Voting-Based Multi-Agent Reinforcement Learning for Intelligent IoT
This work addresses the problem of efficient decision-making in multi-agent IoT systems, offering a distributed solution that maintains convergence speed, though it appears incremental as it builds on existing MARL and optimization methods.
The paper tackles the challenge of multi-agent reinforcement learning (MARL) in large-scale IoT systems by proposing a voting-based approach to maximize globally averaged returns, achieving a sublinear convergence rate comparable to centralized learning through a distributed primal-dual algorithm and verifying it with numerical simulations and case studies.

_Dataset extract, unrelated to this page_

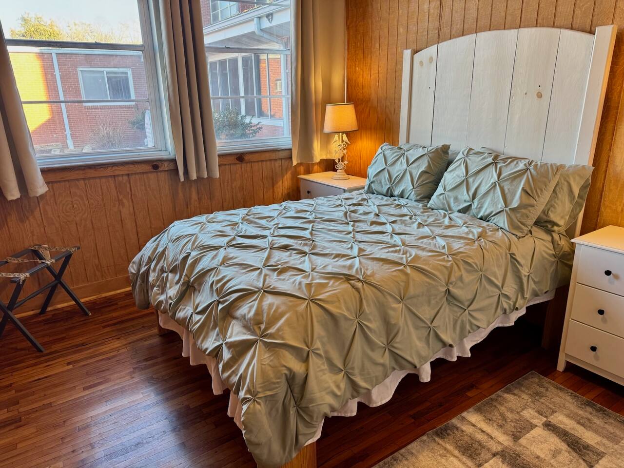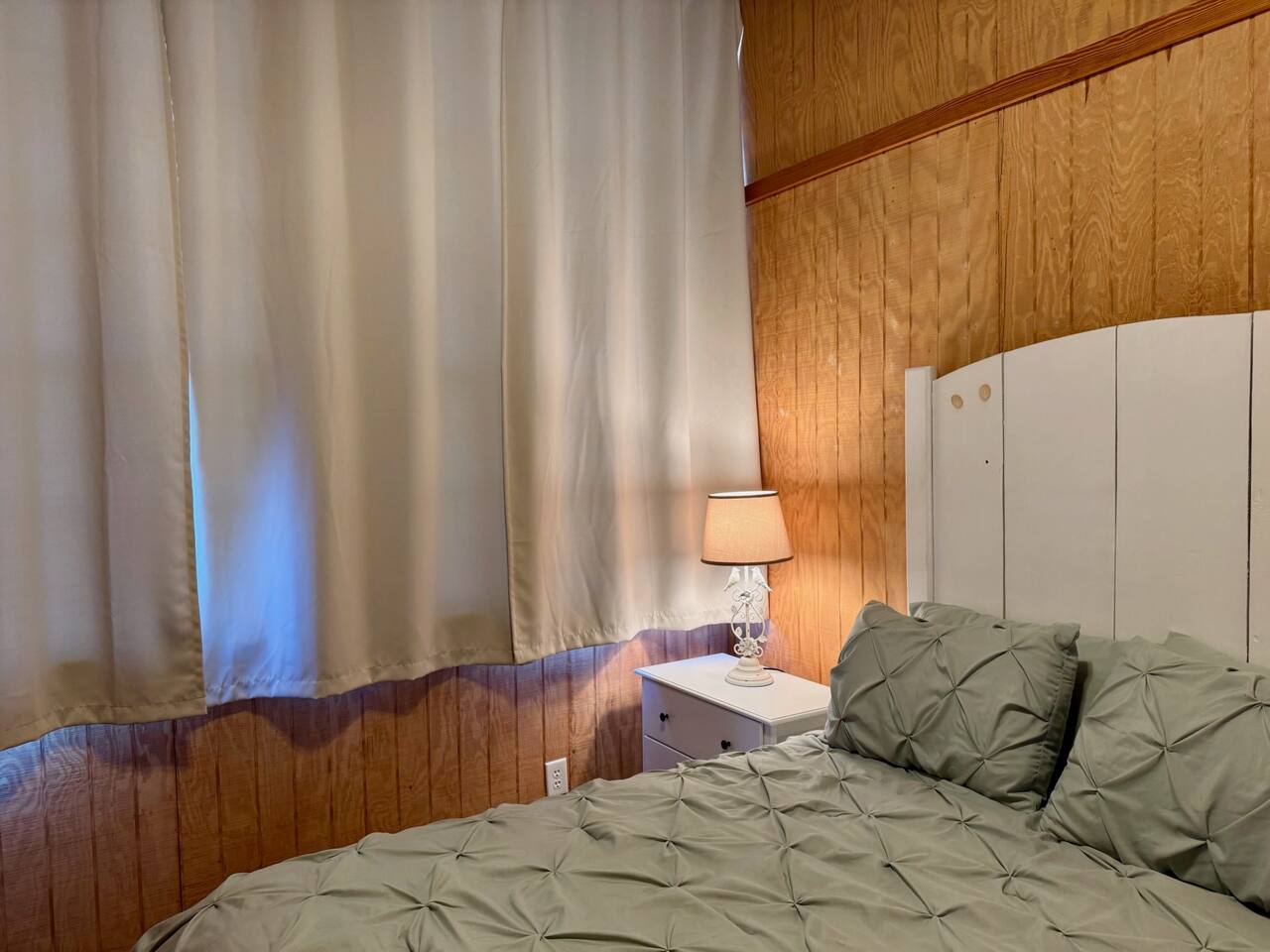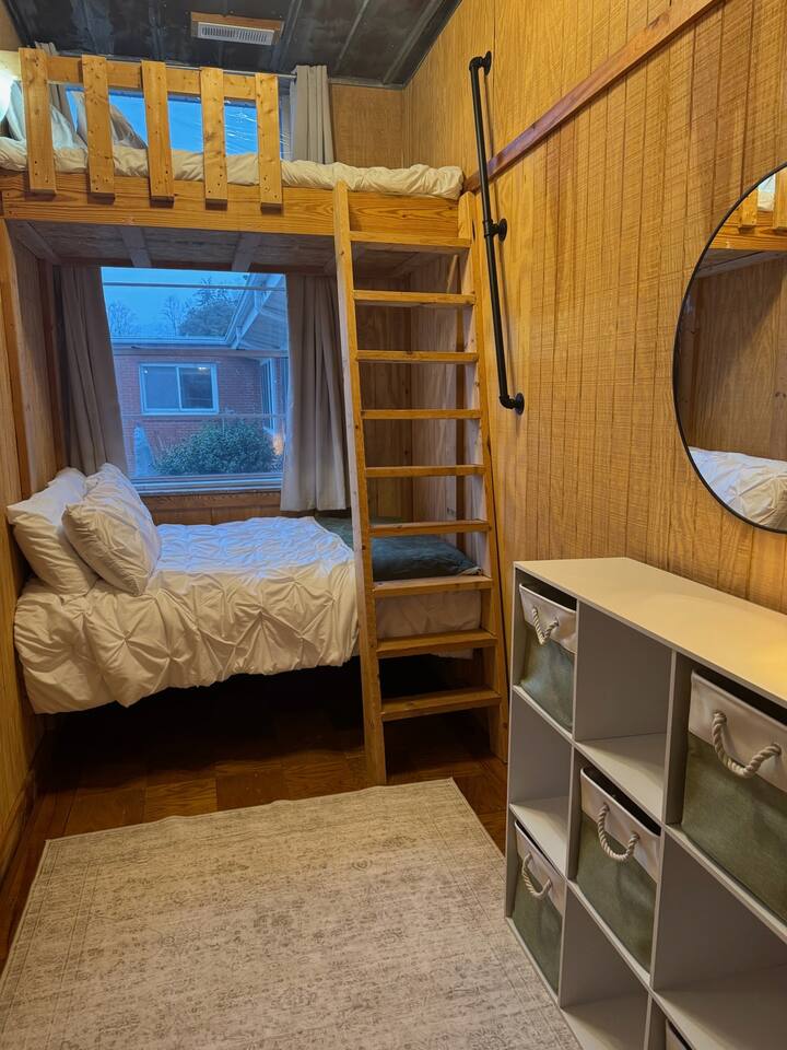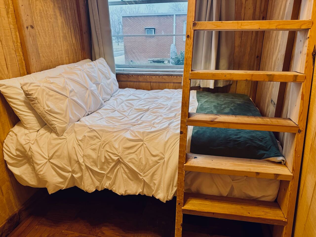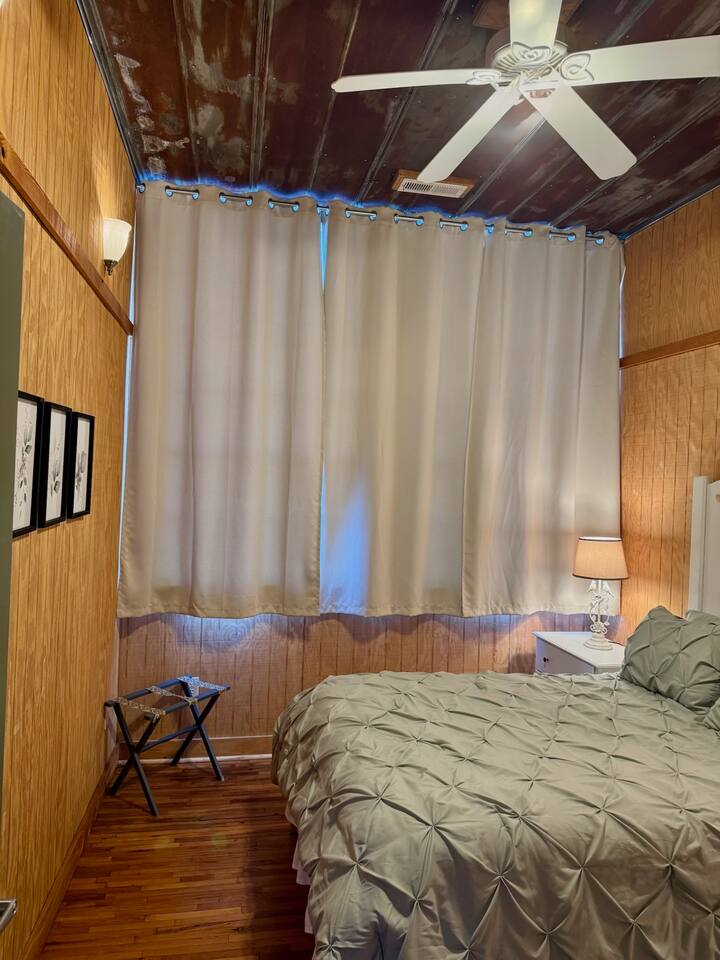 This unique place has a style all its own. This old schoolhouse meets rustic charm in this classroom turned living space. You will find creativity around every corner in this two- bedroom apartment. Rustic metal highlights the 12-ft ceilings. Each room has large windows that let in an abundance of natural light. The open concept living space is comfortable and spills over into a fully-equipped kitchen and dining area. The first bedroom has a queen-sized bed and space for hanging your clothes. The second bedroom has a cabin-like feel with a bunk bed that has a double bed on the bottom and a twin bed on top. It is a built-in, very sturdy bed with comfortable mattresses suitable for kids or adults. This apartment is ADA compliant for accessibility. The bathroom has a large stand-up / roll-in shower, vanity, towels, and a selection of bath essentials. These apartments have everything you need to make your stay comfortable. There is a shared laundry facility should you need that during your visit.

The recent success of single-agent reinforcement learning (RL) in Internet of things (IoT) systems motivates the study of multi-agent reinforcement learning (MARL), which is more challenging but more useful in large-scale IoT. In this paper, we consider a voting-based MARL problem, in which the agents vote to make group decisions and the goal is to maximize the globally averaged returns. To this end, we formulate the MARL problem based on the linear programming form of the policy optimization problem and propose a distributed primal-dual algorithm to obtain the optimal solution. We also propose a voting mechanism through which the distributed learning achieves the same sublinear convergence rate as centralized learning. In other words, the distributed decision making does not slow down the process of achieving global consensus on optimality. Lastly, we verify the convergence of our proposed algorithm with numerical simulations and conduct case studies in practical multi-agent IoT systems.